'''
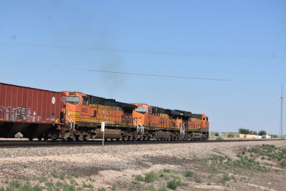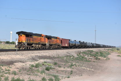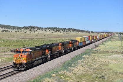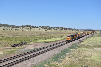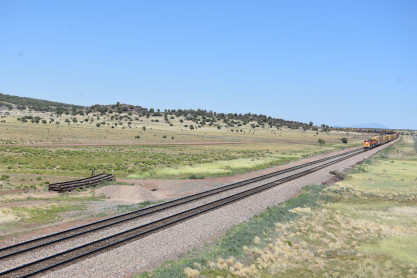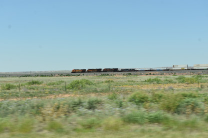 BNSF trains on the way along US 60 to US 64 to Interstate 40, where we switched drivers and Elizabeth drove to West Albuquerque, where we had linner at Jersey Mike's. I then resumed driving, taking us the rest of the way to Grants, where we checked into the Quailty Inn for the night.
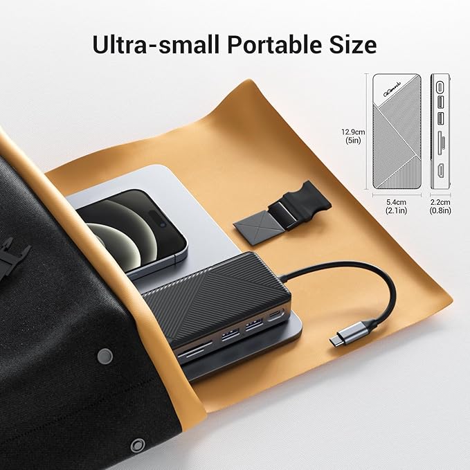 - Handy for Easy Carrying: Size small, 5x2.1x0.8 inch, lightweight for just ounces. This docking station uses a 0.65 ft USB-C signal source input cable, which is non-detachable, never encounter cable losing messes. Sturdy and handy, making it easy for your business cruise
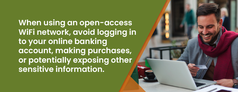 While all public WiFi networks pose some risk, hotel networks have become a top target of hackers. When using an open-access WiFi network, avoid logging in to your online banking account, making purchases, or potentially exposing other sensitive information.
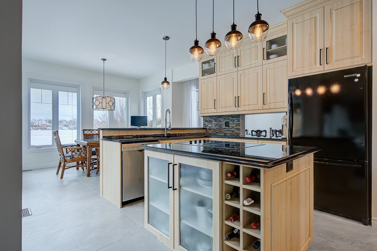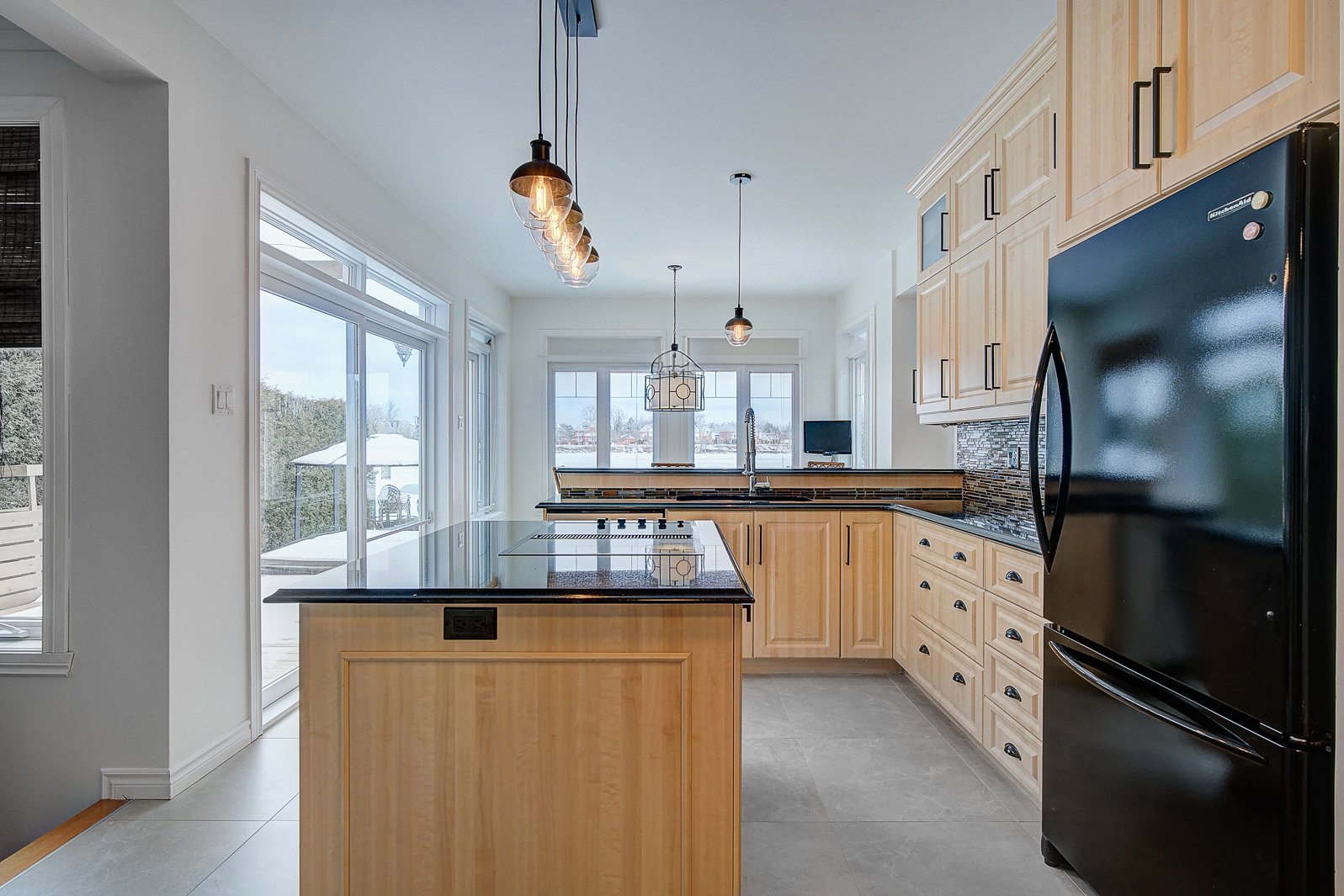 *Cuisine fonctionnelle avec îlot central, comptoir en granite et coin-lunch
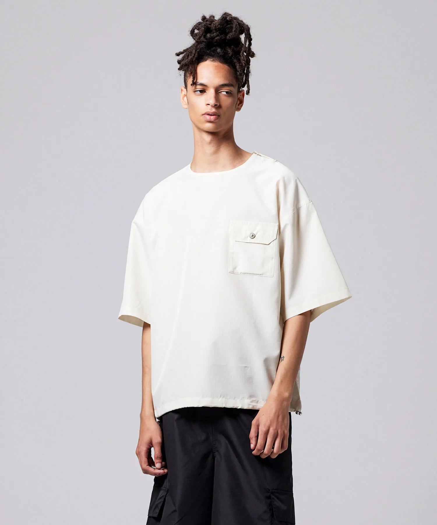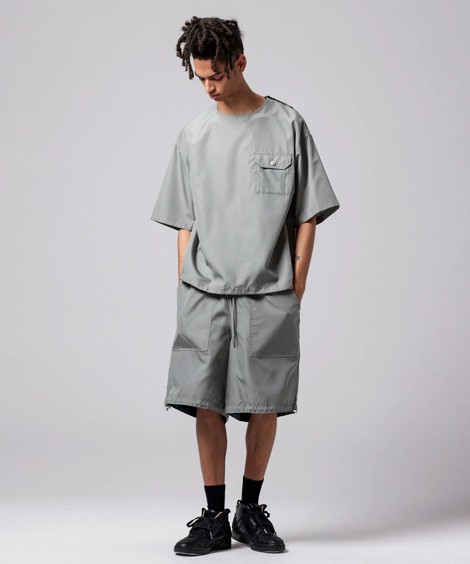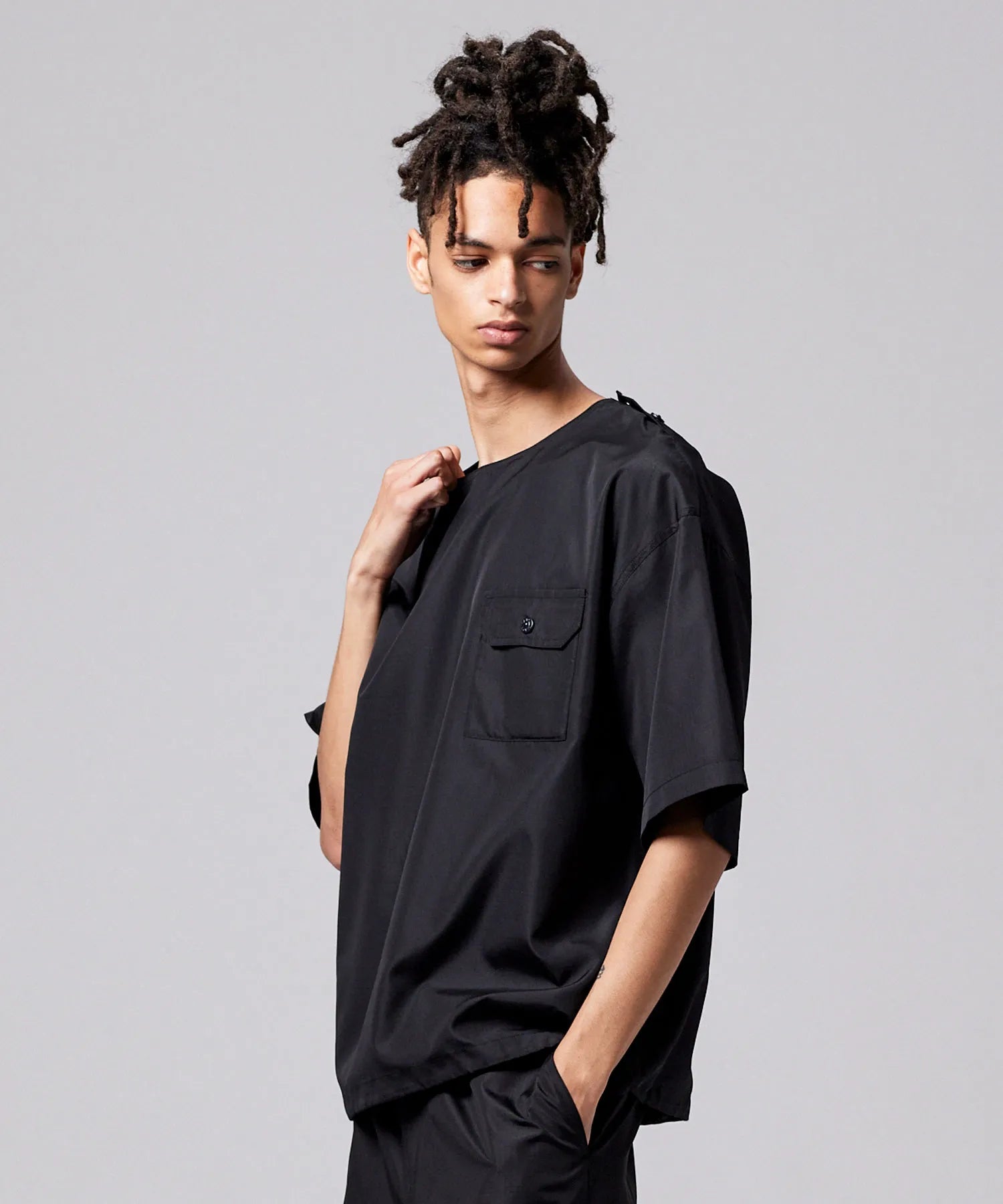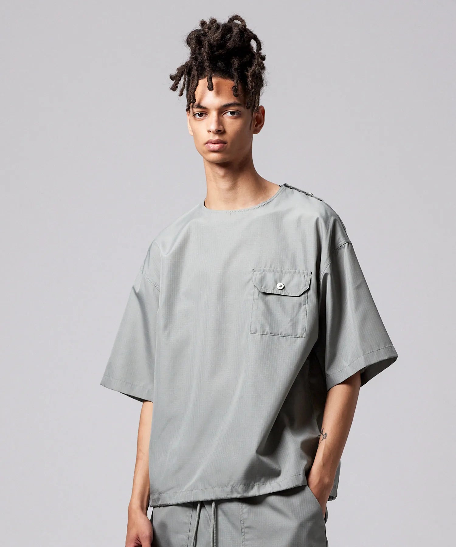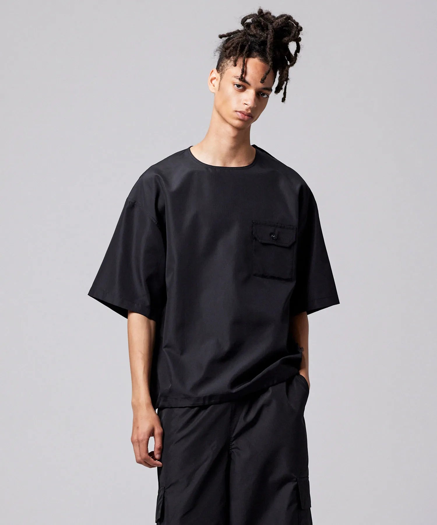 布帛素材を使用した、ミリタリー素材の半袖カットソー。
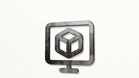 shipment online monitor made by 3D illustration of a shiny metallic sculpture on a wall with light background. delivery and cargo
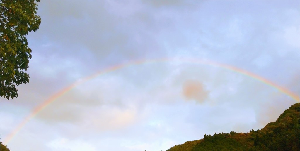 ↑ 先日の夕方、家からみた虹、山と山をつないで大きな橋が架かっていました。
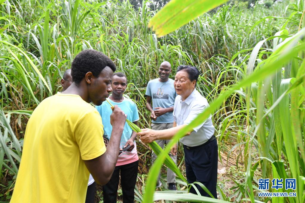 8月12日,福建农林大学国家菌草工程技术研究中心首席科学家林占熺(右一)让卢旺达留学生欧贝德·尼伊姆巴巴兹试尝幼嫩菌草的味道。
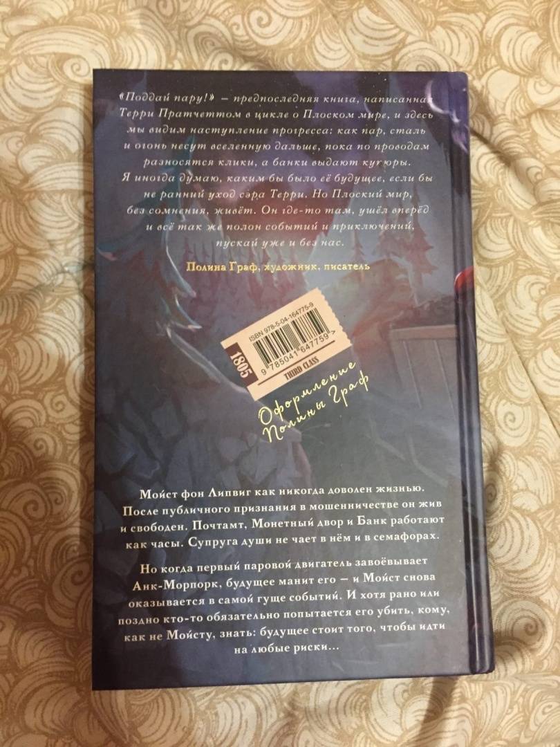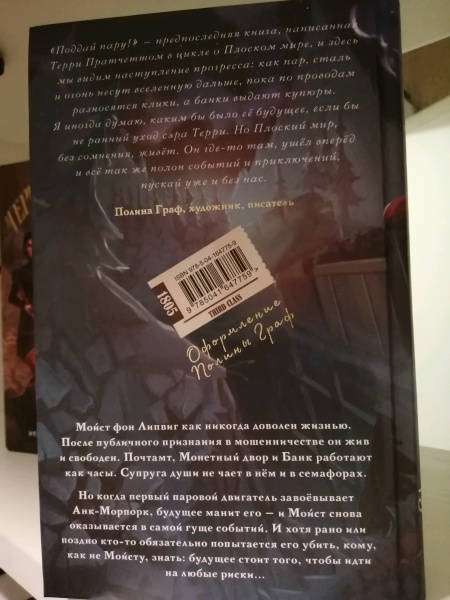 ОписаниеМойст фон Липвиг как никогда доволен жизнью. После публичного признания в мошенничестве он жив и свободен. Почтамт, Монетный двор и Банк работают как часы. Супруга души не чает в нём и в семафорах.Но когда первый паровой двигатель завоёвывает Анк-Морпорк, будущее манит его - и Мойст снова оказывается в самой гуще событий. И хотя рано или поздно кто-то обязательно попытается его убить, кому как не Мойсту знать: будущее стоит того, чтобы идти на любые риски...Третья и заключительная книга о приключениях обаятельного мошенника Мойста фон Липвига. Переиздание знаменитого цикла "Плоский мир" сэра Терри Пратчетта, который стал легендой и классиком еще при жизни. Оформление суперпопулярной в России художницы и писательницы Полины Граф. Внутри эскизы персонажей и сюжетных сцен, рельсы, строящиеся на страницах, портрет автора и дополнительная цветная иллюстрация.Мойст фон Липвиг как никогда доволен жизнью. После публичного признания в мошенничестве он жив и свободен. Почтамт, Монетный двор и Банк работают как часы. Супруга души не чает в нём и в семафорах.Но когда первый паровой двигатель завоёвывает Анк-Морпорк, будущее манит его - и Мойст снова оказывается в самой гуще событий. И хотя рано или поздно кто-то обязательно попытается его убить, кому как не Мойсту знать: будущее стоит того, чтобы идти на любые риски...Третья и заключительная книга о приключениях обаятельного мошенника Мойста фон Липвига. Переиздание знаменитого цикла "Плоский мир" сэра Терри Пратчетта, который стал легендой и классиком еще при жизни. Оформление суперпопулярной в России художницы и писательницы Полины Граф. Внутри эскизы персонажей и сюжетных сцен, рельсы, строящиеся на страницах, портрет автора и дополнительная цветная иллюстрация.
'''
◆ **DIRECTIONS FOR THIS TASK**: The answer should contain only the lines from the beginning of the material above through the line with "8月12日,福建农林大学国家", retyped exactly, with the pictures removed.

◆ **EXERCISE SOLUTION**:
 BNSF trains on the way along US 60 to US 64 to Interstate 40, where we switched drivers and Elizabeth drove to West Albuquerque, where we had linner at Jersey Mike's. I then resumed driving, taking us the rest of the way to Grants, where we checked into the Quailty Inn for the night.
 - Handy for Easy Carrying: Size small, 5x2.1x0.8 inch, lightweight for just ounces. This docking station uses a 0.65 ft USB-C signal source input cable, which is non-detachable, never encounter cable losing messes. Sturdy and handy, making it easy for your business cruise
 While all public WiFi networks pose some risk, hotel networks have become a top target of hackers. When using an open-access WiFi network, avoid logging in to your online banking account, making purchases, or potentially exposing other sensitive information.
 *Cuisine fonctionnelle avec îlot central, comptoir en granite et coin-lunch
 布帛素材を使用した、ミリタリー素材の半袖カットソー。
 shipment online monitor made by 3D illustration of a shiny metallic sculpture on a wall with light background. delivery and cargo
 ↑ 先日の夕方、家からみた虹、山と山をつないで大きな橋が架かっていました。
 8月12日,福建农林大学国家菌草工程技术研究中心首席科学家林占熺(右一)让卢旺达留学生欧贝德·尼伊姆巴巴兹试尝幼嫩菌草的味道。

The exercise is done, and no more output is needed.